I'll continue to follow up here as we get more info. In the meantime we found that adjusting the environment variable MALLOC_ARENA_MAX to a low value appeared to substantially mitigate the memory usage so that is a potential option for you to experiment with if you are trying to get this working as soon as possible. Here are a few links to other software projects that were dealing with similar issues to add a little context: https://github.com/prestodb/presto/issues/8993 https://github.com/cloudfoundry/java-buildpack/issues/320

SidShetye commented 4 years ago

Thanks for the update and - wow, this runs deep! Perhaps a write up on Microsoft devblogs would be great, especially as an advanced followup to this piece. The folks root-causing this deserve the credit/recognition.

noahfalk commented 4 years ago

@ank3it can you assign @sywhang? It appears I can remove my own assignment but can't reassign to anyone else (odd). @sywhang has been doing the lion's share of the work, I've just been writing up a little progress here on his behalf.

sywhang commented 4 years ago

Hi @SidShetye,

Sorry it took quite a while for me to try out various approaches to fix the underlying issue and decide on a reasonable fix in terms of complexity and performance impact, but the fix finally got merged to the master branch of dotnet/runtime repository in https://github.com/dotnet/runtime/pull/35924.

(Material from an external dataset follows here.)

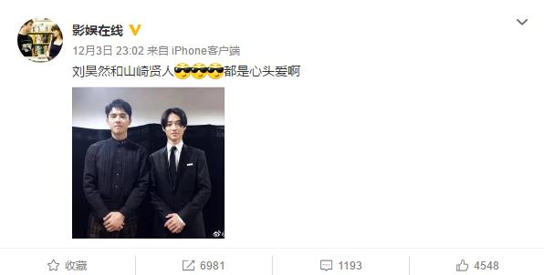 12月3日,某娱乐账号晒出了一张刘昊然和山崎贤人的合影,引得网友感慨:“次元壁已被敲碎!”

Would it be possible for you to try out using the latest branch and confirm that we've fixed your issue? I'm now trying to backport the fix to our servicing release of .NET Core 3.1 and having validation from you as the first customer who reported this issue would let me go through the backport process for .NET servicing release.

Thank you!

SidShetye commented 4 years ago

@sywhang I really appreciate the efforts in fixing this but we have already stripped out Application Insights from our stack. Is there a write-up on this? Seems like it was a very tricky issue, so a post-analysis write up could help others too.

sywhang commented 4 years ago

Thanks @SidShetye for the update! I'll try to get the backport approved regardless so that others won't hit the same issue.

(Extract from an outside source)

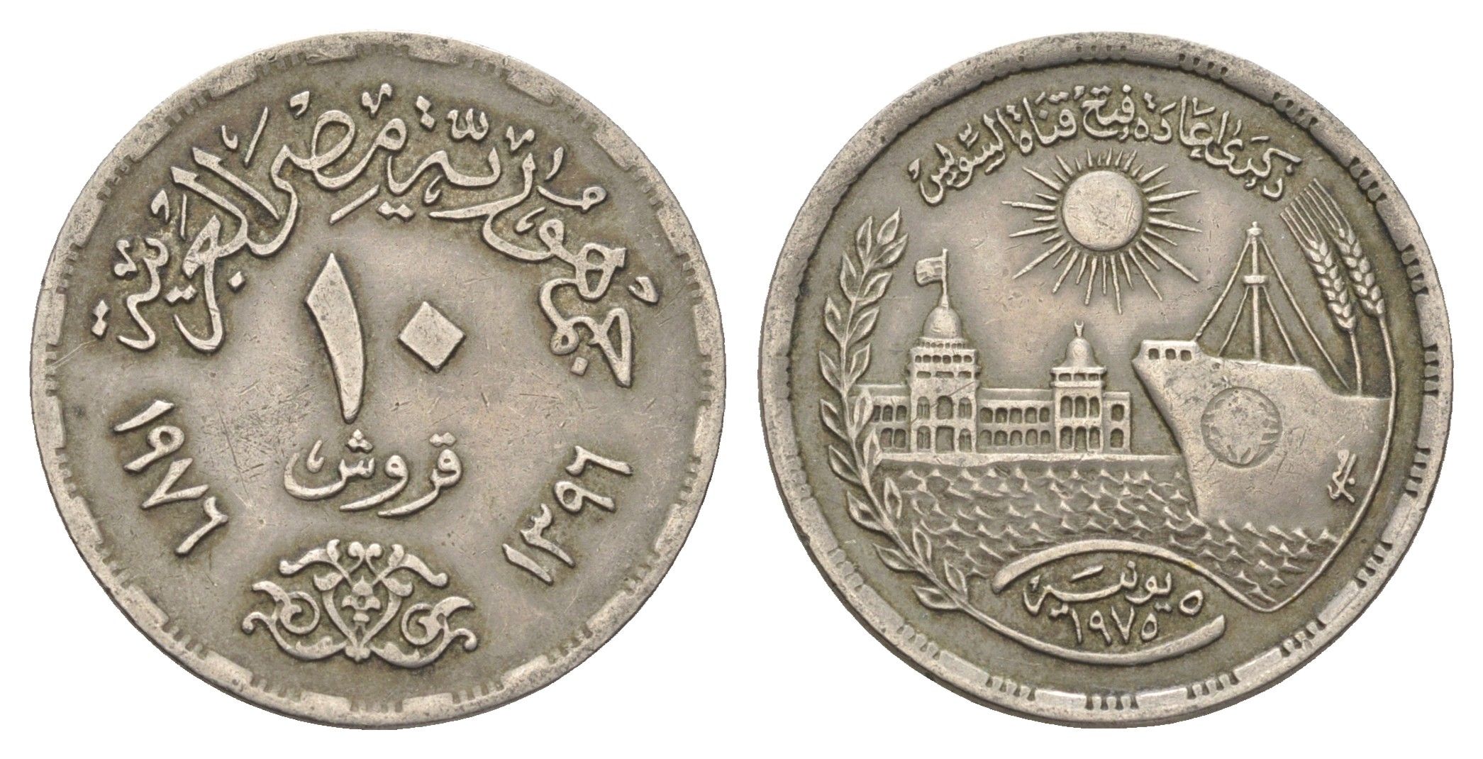 Египет 10 пиастров 1976 Переоткрытие Суэцкого канала KM 452 медно-никель 4662-133

Regarding writeup, I don't have anything written up on this yet because we're so close to .NET 5 release snap date and I have a huge stack of work items to go through, but I am definitely planning to share some of the tools I wrote as part of this investigation, as well as a writeup on the investigation as soon as I have some extra cycles : )

forik commented 4 years ago

We are also encountering memory issues and suspect AI. Below is a screenshot of a diff from two dotnet-gcdump files taken in a 1 hour period. Seems to be a diagnosticlistener leakage somewhere inside AI. изображение

noahfalk commented 4 years ago

@forik I'd recommend opening a new issue with the information on your bug so it can be better tracked. The new issue template will ask for info specific to your setup and from what you posted so far it appears unlikely that your issue is a duplicate of Sid's issue.

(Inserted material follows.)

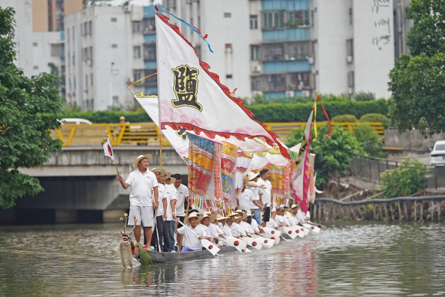 On May 27 and 28, the 593-year-old "Yanbu Old Dragon Boat" took part in the traditional "Worship Huaguang" and "Tour the Three Rivers" activities in Dali Town, Nanhai District, Foshan City.

sywhang commented 4 years ago

The fix to this issue has been merged to both master branch and .NET Core 3.1 servicing branch (targetting 3.1.5 servicing release) of the runtime repo. I don't have write access to this repository but I believe the issue can be closed now.

SidShetye commented 4 years ago

Can’t test for confirmation but I’ll go ahead and close it.

yigitgursoy commented 3 years ago

Still happening in Net6.0

image

saveveltri commented 8 months ago

I can confirm that it's still happening in .net core 6. Is the MALLOC_ARENA_MAX workaround still works well ?

noahfalk commented 8 months ago

If you are seeing unbounded memory growth in App Insights profiler running on .NET 6+ then it is probably going to be a bug in a different code path, and potentially a different root cause. I'd recommend creating a new issue so the App Insights team can investigate it.

Is the MALLOC_ARENA_MAX workaround still works well ?

I don't know whether MALLOC_ARENA_MAX will affect the behavior you are seeing. Its possible that it will help if your leak was coming from some other code path that continues to use malloc(). The allocations that were problematic in the scenario we investigated for this bug years ago were converted to use mmap(). I wouldn't expect those specific allocations to be leaking or to be impacted by MALLOC_ARENA_MAX any longer.